Colimits in HSET

[vladimirias]

1. To construct colimits of arbitrary functors C -> HSET (using setquot)
2. To construct, for any h-set X an isomorphism between X and the colimit of its finite subsets (a finite subset is defined as S : X -> hProp such that isfinite ( carrier S ) ) .

I have looked through it on paper and it seems to work.

[DanGrayson]

I suppose the same is true for the colimit of the finite sets T mapping to X. Would both suffice for the application envisioned?

[vladimirias]

I guess so.

[langston-barrett]

We have

Lemma ColimsHSET : Colims HSET.

So it seems that (1) is already done.

[peterlefanulumsdaine]

Reopening since I think the result formalised in #1564 isn’t quite the right result here (although it is indeed the result Vladimir originally asked for).

The point is that for most of the intended applications, we need a set exhibited as a directed colimit of finite sets — and the diagram of all finite subsets of a set (as considered in #1564) will be directed iff LEM holds. But there are two alternatives which are directed without needing to assume LEM:

• the diagram of all maps from finite sets into X (as @DanGrayson suggested above)
• the diagram of all Kuratowski-finite subsets of X

(Here Kuratowki-finite, or K-finite for short, means “admitting a surjection from some {1,…,n}”. Our definition of finite is “admitting an equivalence with some {1,…,n}”, which is of course classically equivalent; constructively it’s sometimes called cardinal-finite to avoid ambiguity.)

So I’m reopening this issue to ask for the colimit result also to be given for at least one of the two diagrams above. And it would be great if the directedness of the diagram could be given as well!

If I remember right, we already have a treatment of directedness/filteredness in the CategoryTheory library; I don’t remember if we have K-finiteness anywhere, will check later.

[m-lindgren]

In a private repo / external to UniMath I have proof that every set is a filtered colimit of its K-finite subsets. I can maybe try to integrate it with UniMath this weekend. As far as I know K-finiteness is not defined in UniMath currently, so would have to include that in the PR unless it's already in there somewhere. Same with filteredness.

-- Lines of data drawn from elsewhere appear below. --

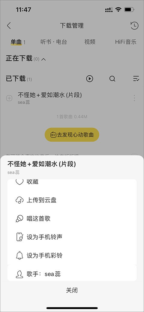 歌曲下载完成后,点击【我的】,再选择【我的下载】。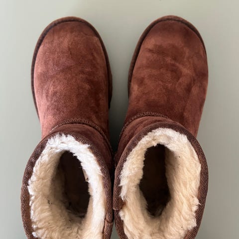 UGG sko i størrelse 37. Skoene er i brun ruskind med kraftig sål og broderet kant i rød og lys kontrastfarve omkring åbningen. De er købt december 2025, brugt lidt men ellers i god stand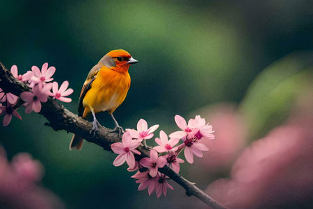 A striking yellow bird with a black head rests on a branch adorned with bright orange flowers. The photograph displays a shallow depth of field, with a soft green background. The lighting suggests a natural outdoor setting, offering potential uses for nature-themed projects, editorial content, and decorative purposes.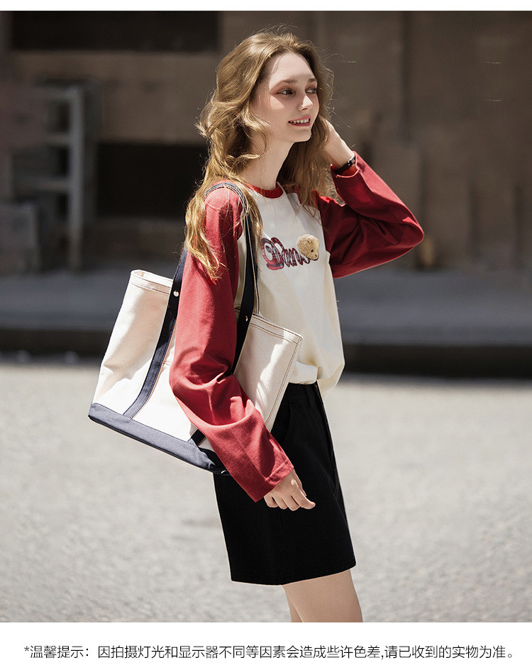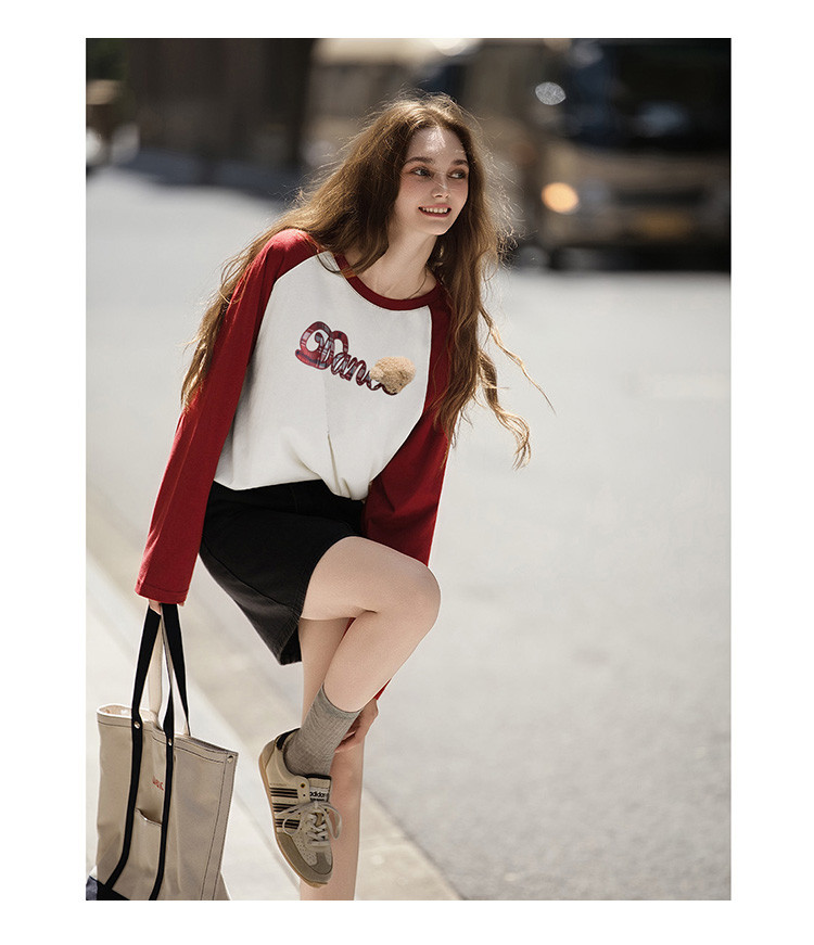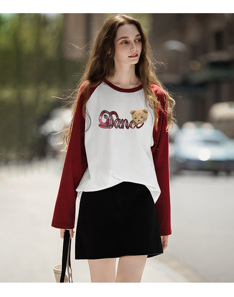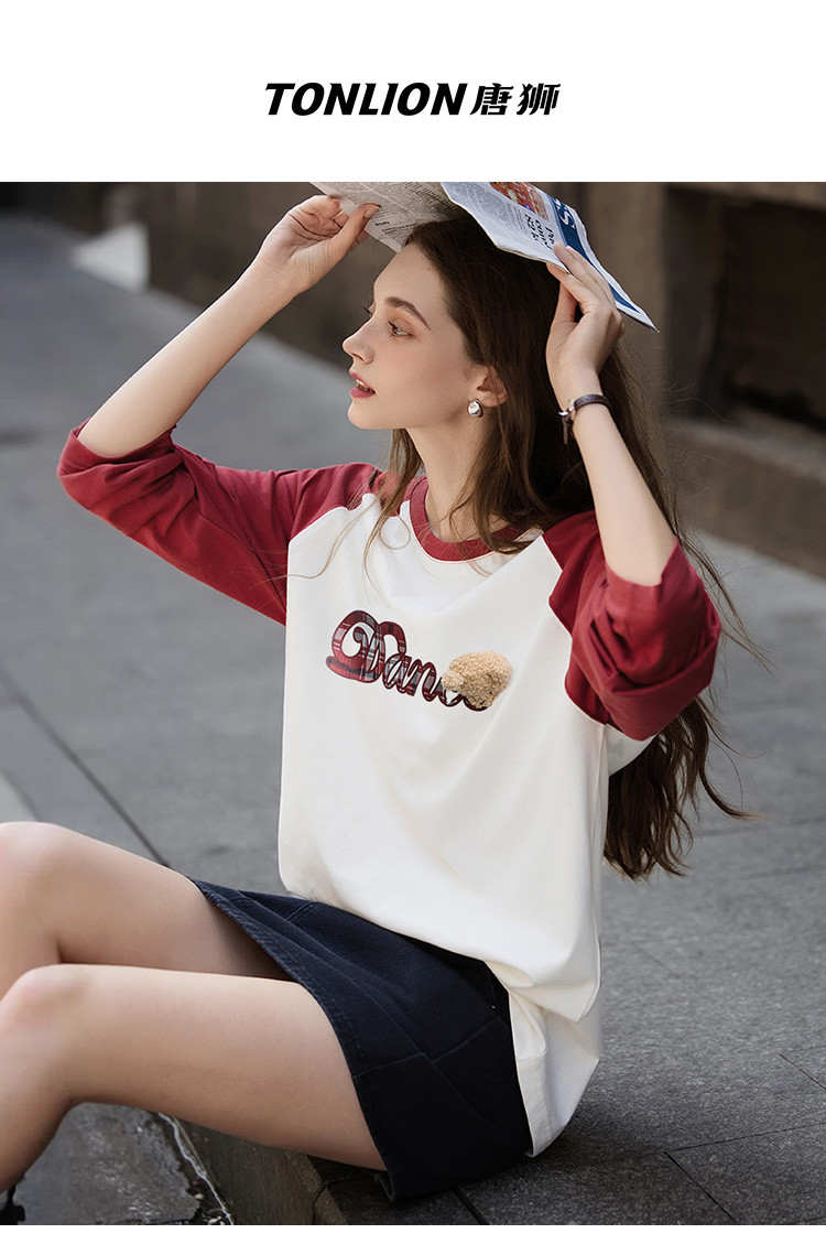 唐狮2026秋季新款长袖T恤女字母撞色插肩袖小熊学生宽松休闲上衣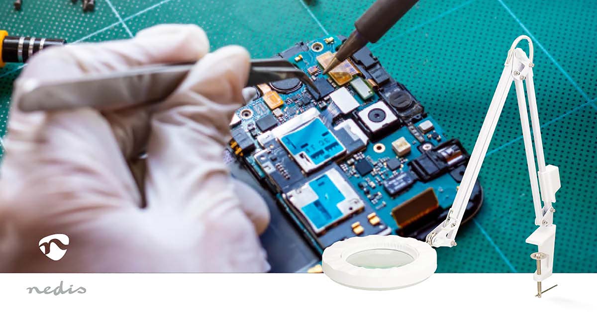 This Nedis magnifying lamp with table clamp is a perfect addition to any desk, ideal for detailed tasks around the home, in the workshop, or at the office. The SMD-LEDs are arranged in a circular pattern around the 100 mm lens, providing uniform illumination of your workspace with a cool white day light.
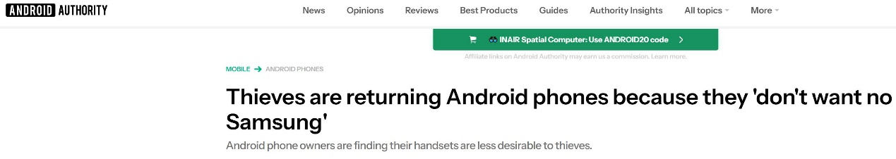 根据伦敦中心博客描述,32岁的伦敦居民萨姆日前被八人团伙抢走随身物品,其中一人随后折返,将三星Galaxy手机塞回他手中,理由是“没人愿意要三星”。同样遭遇的还有马克,他的Galaxy手机被骑车窃贼夺走后随即扔回地面。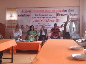 काठमाडौ । विश्व हिन्दु महासघको स्वामित्वमा रहेको जग्गामा काठमाडौं महानगरपालिकाले डोजर चलाएर दादागिरी चलाएको छ। महासघको कार्यलय रहेको आठ आना र सो कार्यलय को पुर्व तर्फको २२ रोपनी जग्गा समेत यसै महासघको नाममा रहेको छ। सो २२ रोपनी जग्गामा कामपा वडा-३ ले महासघसङ कुनै सर-सल्लाह नगरी बरुण यन्त्र भवन निर्माण गर्ने भन्दै डोजर आतंक मच्चाउने काम गरेको छ। कोभिड-१९ का कारण महासघको कार्यलय बन्द थियोे । त्यसैको मौका छोपी वडा कार्यलयले सम्वन्धित पक्षसङग सल्लाह नै नगरी एकोहोरो सुचना प्रकाशित गरि सो कार्य अगाडि बढाइनु नियत के हो प्रष्ट हुन्छ । जसले ९४ प्रतिशत हिन्दु धर्म माथीकै आक्रमण भन्न सकिन्छ । विश्व हिन्दु महासघ(अन्तर्राष्ट्रिय )कि महासचिव अस्मिता भण्डारीले पत्रकार सम्मेलनम बताइन् ।

I have an half-finished attempt to formalise filtered colimits/compactness/locally finitely presentable categories + some applications (last time I looked at it I was stuck on proving that filtered colimits commute with finite limits in SET, maybe I should take a look at it again)

[peterlefanulumsdaine]

Those would be marvellous to have!

[arnoudvanderleer]

@peterlefanulumsdaine This is resolved now, right?